Two papers are in the area of representing clinical and molecular knowledge. Yang et al. built an automated gene summarization system and integrated this system with analysis methods, to enable biologists with lists of significantly implicated genes to gain more knowledge about their findings [5]. Garten et al. modified the Textpresso manuscript parsing system to find instances of pharmacogenomic relationships between genes and drugs [6]. Both manuscripts are particularly impressive because they include evaluation, with user scores or comparison against a gold standard.

Three papers were highlighted in the area of linking genes, variants, and proteins to phenotypes.

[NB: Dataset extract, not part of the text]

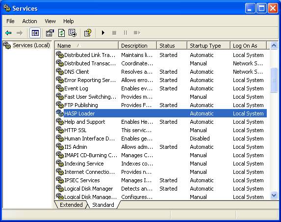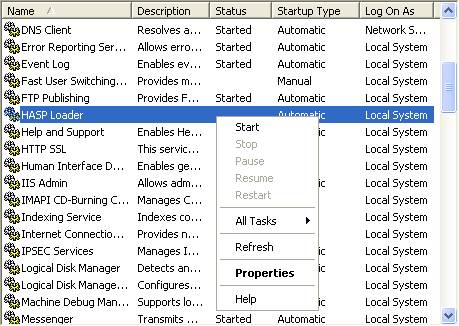 В появившемся списке служб следует найти службу HASP Loader
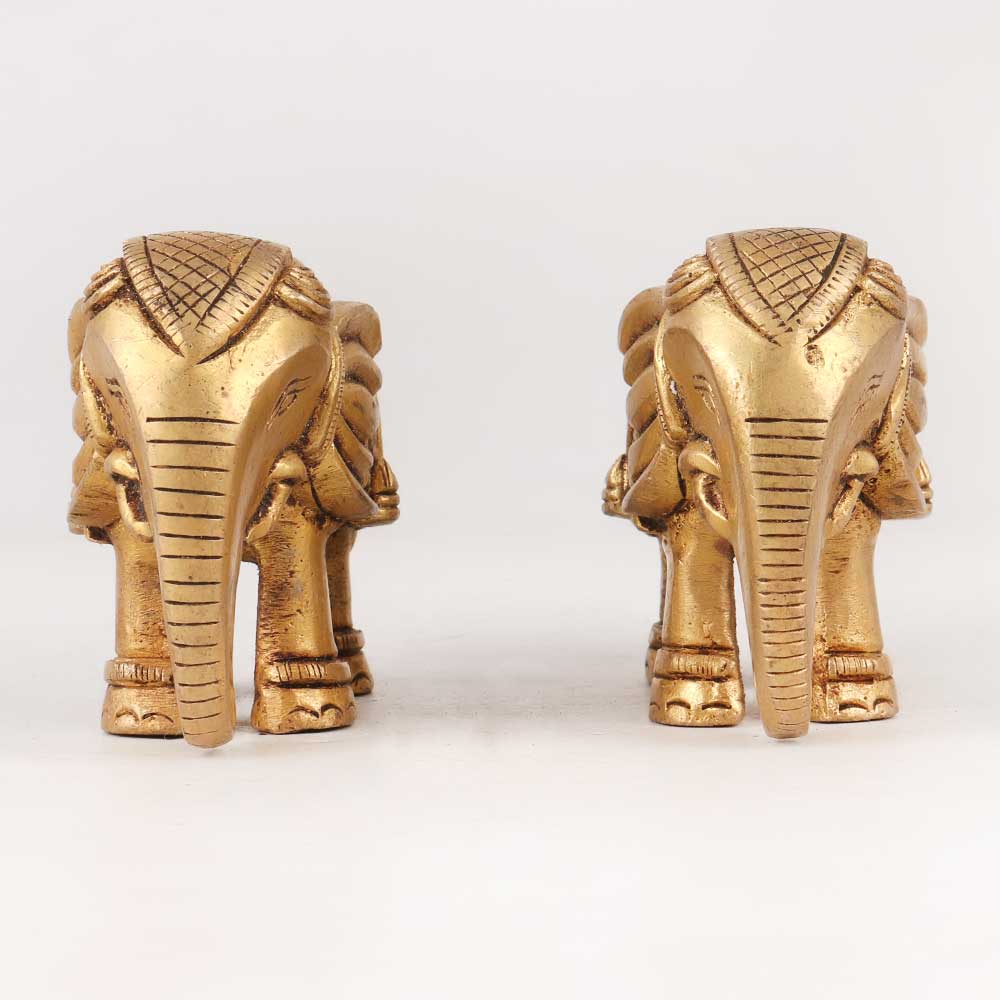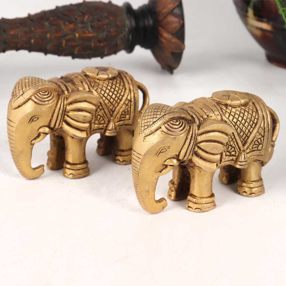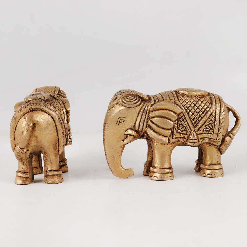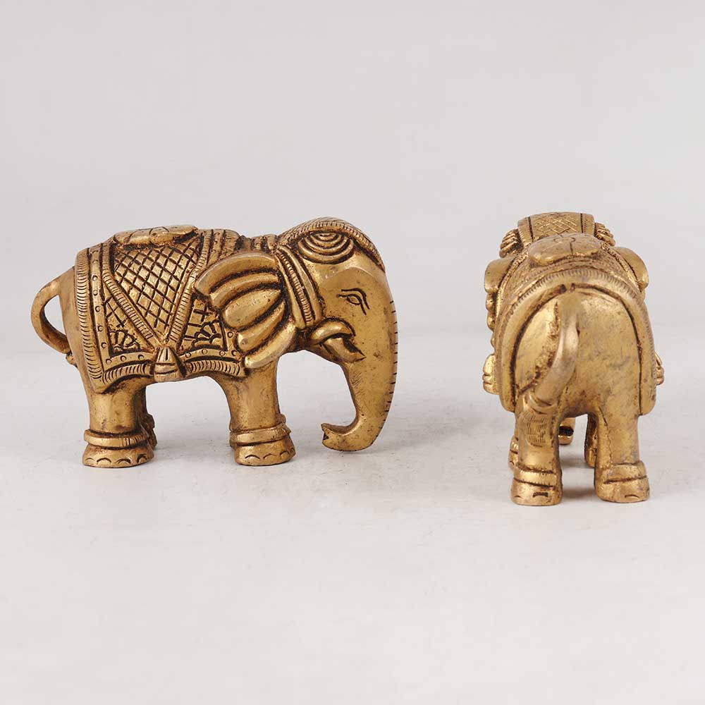 A captivating pair of brass elephant statues that is skillfully handcrafted by talented Indian craftsmen. These magnificent sculptures boast intricate detailing, delicately etched into their antique golden finish, exuding a timeless charm that effortlessly blends with any setting. Standing as a symbol of wisdom, strength, and prosperity, these statues will add an aura of elegance and cultural richness to any space. Perfect for adorning homes, offices, restaurants, hotels, or cafes, these stunning elephants serve as exceptional decorative pieces. Their captivating presence can instantly transform any ambiance into an opulent and inviting atmosphere. Whether displayed in exhibitions or cherished as a part of a vintage collection, these statues are sure to be conversation starters. Not just for personal enjoyment, these brass elephants make thoughtful and cherished gifts for loved ones during special occasions or festive celebrations. Embrace the allure of Indian craftsmanship and tradition with these remarkable elephant statues, and bask in the admiration they garner from all who lay eyes upon them.

Malovini et al. present a method to use Bayesian Networks to derive a multi-gene models based on single nucleotide polymorphism measurements, such as those typically obtained from genome-wide association studies [7]. Sam et al. present updates to PhenoGO, a system that extracts phenotypes from biological ontologies such as Cell Ontology, the Unified Medical Language System, the Mammalian Phenotype Ontology, and others [8]. Elkin et al. found relationships between genes and diseases or drugs using natural language processing of the medical literature, focusing on the New England Journal of Medicine [9].

Two papers highlighted new methods in bioinformatics of infectious diseases. Sintchenko et al. showed how biosurveillance could be performed by text-parsing genotype reports and comparing these to local or global profiles [10]. Liu et al. built a method to identify the presence of pathogens from multiplexed pan-viral and pan-microbial arrays [11].

Finally, three papers were chosen in the area of knowledge-based enablement of genetics. Tipney et al. built a probabilistic network of explicit and implicit knowledge from known pathways and protein complexes, then used this network to interpret gene expression microarray data related to facial dysmorphology [12]. Keller et al. built a system to parse biomedical keywords from the text descriptions of genes and uses these to consider genes across diseases [13]. Liu et al. showed how MeSH terms from MEDLINE records could be used to associated causal environmental factors with diseases, and how the effect of these environmental factors could be directly compared with genes with similar effects [14].

The next Summit on Translational Bioinformatics will be held on March 15-17, 2009 at the Grand Hyatt San Francisco.